Therefore, for practical purposes, to assess which signatures are present in any new sample or set of samples, we recommend this two-step process (Fig. 7): first fitting common organ-specific signatures followed by a search for rare signatures, which can be achieved using FitMS.
Discussion
We report a comprehensive SBS and DBS signatures analysis of a large cohort of 18,640 WGS tumors. Notably, majority of these samples were from patients recruited via the UK NHS (12,222) from across England, and the availability of open access WGS cancer data from ICGC and Hartwig Foundation were crucial for validation of findings. In all, 40 SBS and 18 DBS signatures that had not been previously reported, were revealed due to the increase in WGS cohort size. We were also able to confirm 42 previously reported SBS signatures and 9 previous DBS signatures. We introduce the notion of common and rare signatures for each tumor-type and observe that although the cohort of WGS cancers has increased substantially, most of the common signatures have been identified and many of the previously unreported signatures are low-frequency, rare processes. The landscape of signatures is thus likely to be saturating.

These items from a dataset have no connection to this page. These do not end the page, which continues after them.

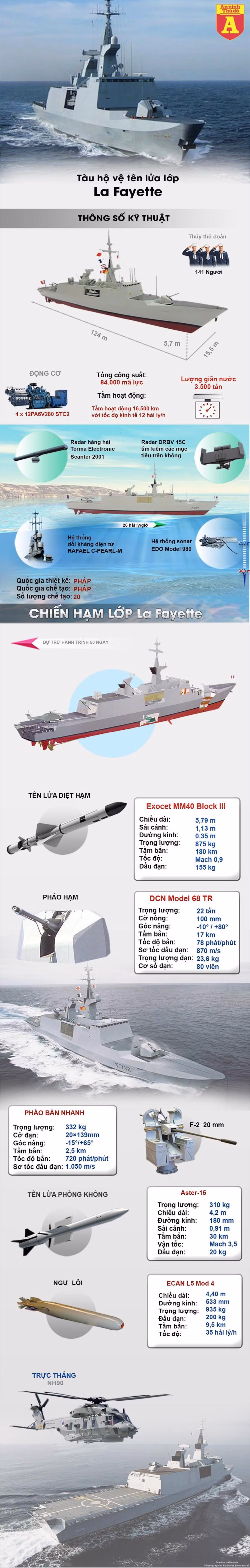La Fayette thuộc loại tàu hộ tống tàng hình đa năng do tập đoàn DCNS thiết kế và đưa vào phục vụ hải quân Pháp từ năm 1996. Lớp La Fayette nổi bật với thiết kế tàng hình độc nhất vào thời điểm nó ra đời. Giảm tiết diện phản xạ sóng radar được tạo nên nhờ cấu trúc thượng tầng góc cạnh, mặt phẳng lì và sử dụng nhiều vật liệu hấp thụ sóng radar, vật liệu composite bằng gỗ và sợi thủy tinh cứng như thép nhưng nhẹ và chống cháy.
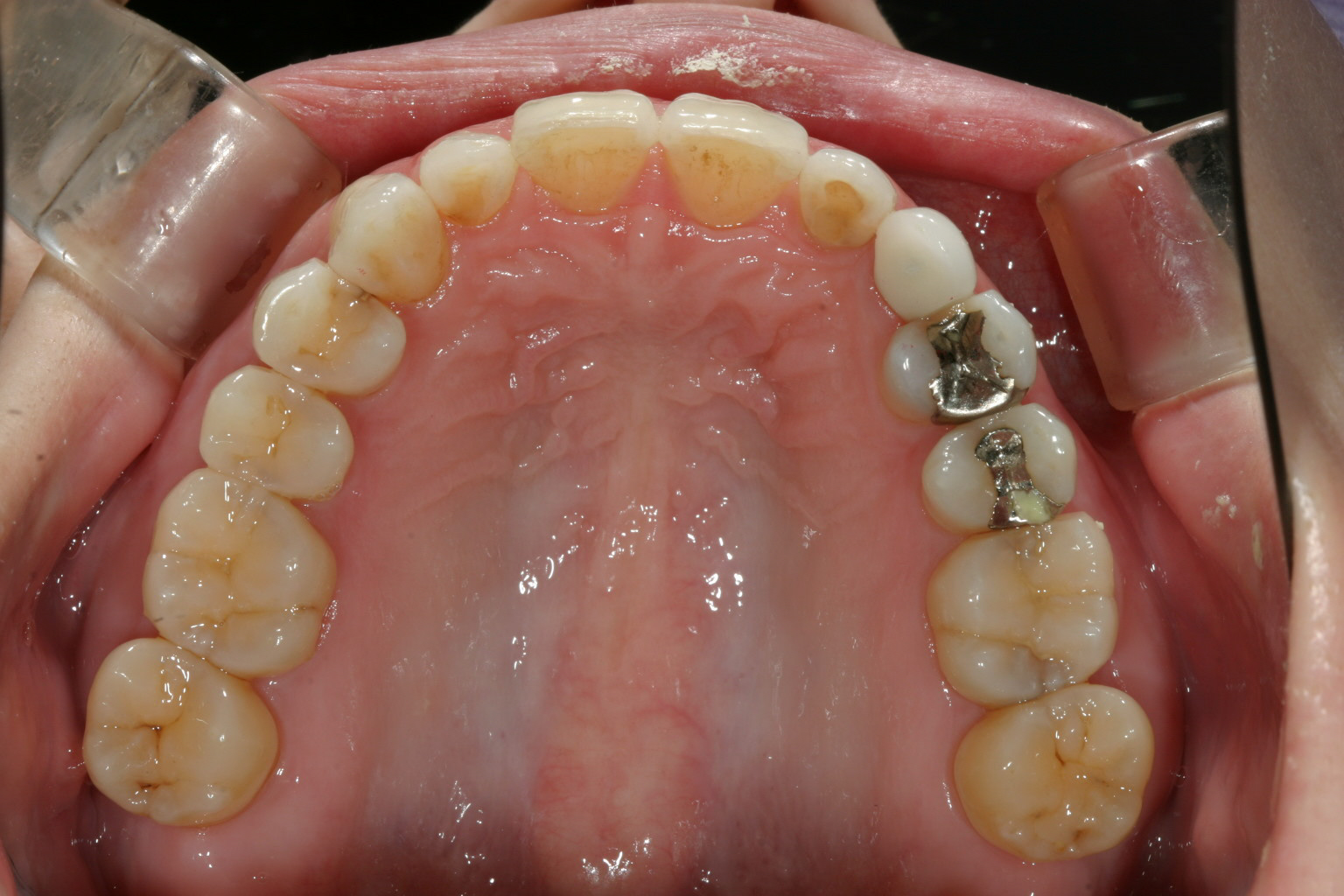 全体的に大した乱れの有るケースでは無いですが前歯部に少しの叢生と正面から見ると咬み合わせが少し深いように見えますのでそれを修正させて頂きました。
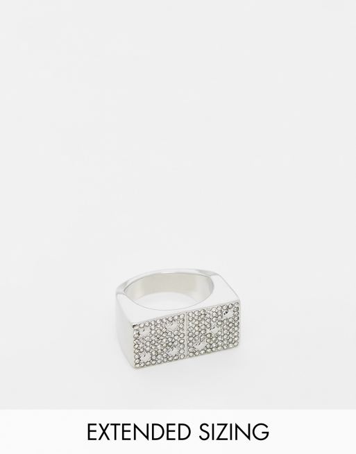 Anillo plateado con diseño de dos dados y cristales de ASOS DESIGN

The power to accurately discern mutational signatures is orders of magnitude greater using a pure WGS dataset when compared to other sequencing strategies. The genomic footprint for whole exomes (WES) is 100-fold lower and 2,000-4,000-fold lower in targeted sequencing (TS) experiments. Analyzing solely WGS cancers, rather than pooling data from diverse sequencing strategies, also avoids issues related to differing AT/GC representation in WES/TS data, which influence signature extractions.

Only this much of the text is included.